- Born: May 21, 1818 Foxcroft, Maine, U.S.
- Died: December 31, 1862 (aged 44) Battle of Stones River, Rutherford County, Tennessee
- Cause of death: Killed in action
- Education: United States Military Academy
- Occupation: U.S. Army Officer
- Parent(s): Joshua Carpenter, Susan Heald

= Stephen Decatur Carpenter =

American military officer (1818–1862)

Stephen Decatur Carpenter (May 21, 1818 – December 31, 1862) was a United States military officer from Maine. He served from 1840 to his death on the last day of 1862, through four major conflicts and one minor conflict.

==West Point==
He was appointed to the United States Military Academy at West Point, serving as a Cadet from July 1, 1836, through graduation on July 1, 1840.

==Service in the West==
After graduation he served in the Second Seminole War from 1840–1841, at Fort Snelling, at the confluence of the Mississippi and Minnesota rivers, in the War with Mexico from 1846–1847, and on frontier duty in south and west Texas from 1848–1861, including being wounded in a skirmish with the Comanches.

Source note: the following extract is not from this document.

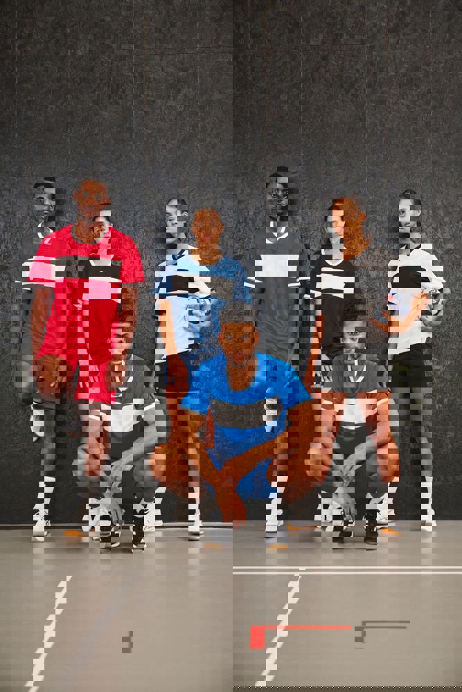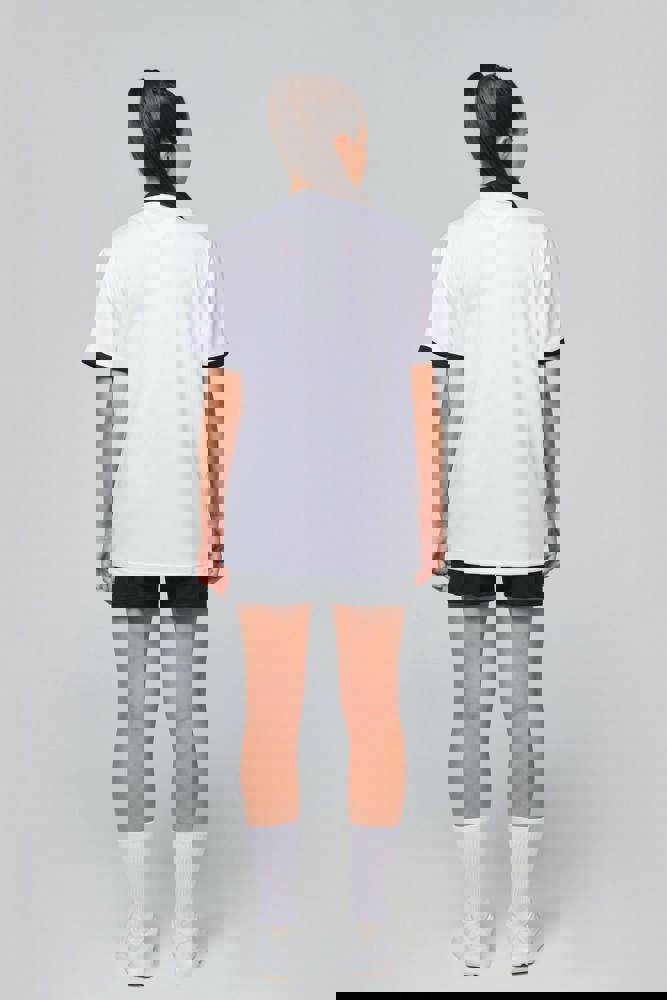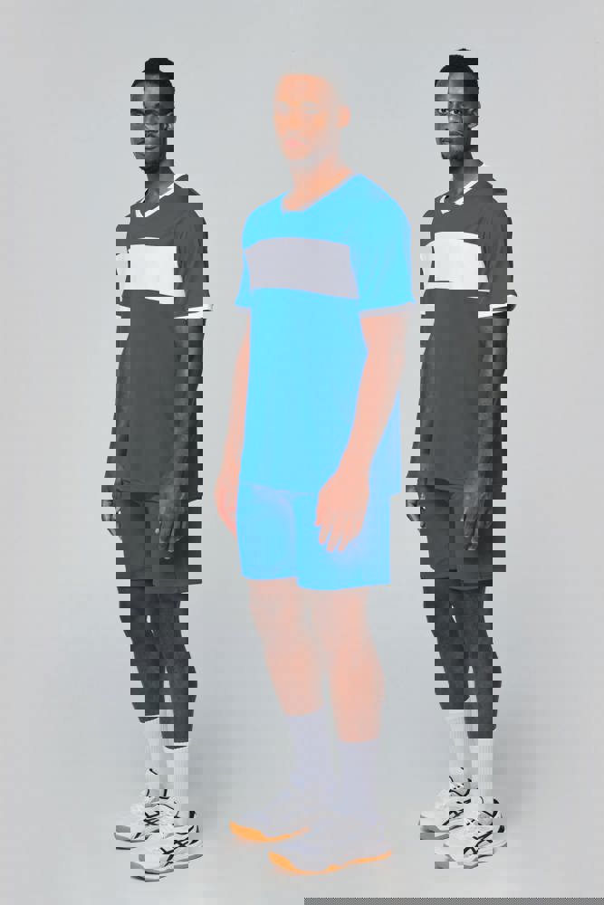 100% interlockpolyester. V-hals met nektape. Ingezette mouwen. Contrasterende borstinzetstukken, kraag en mouwuiteinden.

On August 20, 1855, he established Fort Lancaster in western Texas to guard the San Antonio-El Paso road. He was the first commander of Fort Stockton, established at Comanche Springs (in present-day Pecos County, Texas) and served there until December 1860, when he transferred command to the Eighth Infantry.

==Civil War==
When the American Civil War broke out, he served garrison and staff duty at Key West, Florida, and Indianapolis, Indiana, and combat duty in the Tennessee and Mississippi Campaign with the Army of the Ohio. He was killed in action in the Battle of Stone's River (called the Battle of Murfreesboro in the South) Tennessee on December 31, 1862.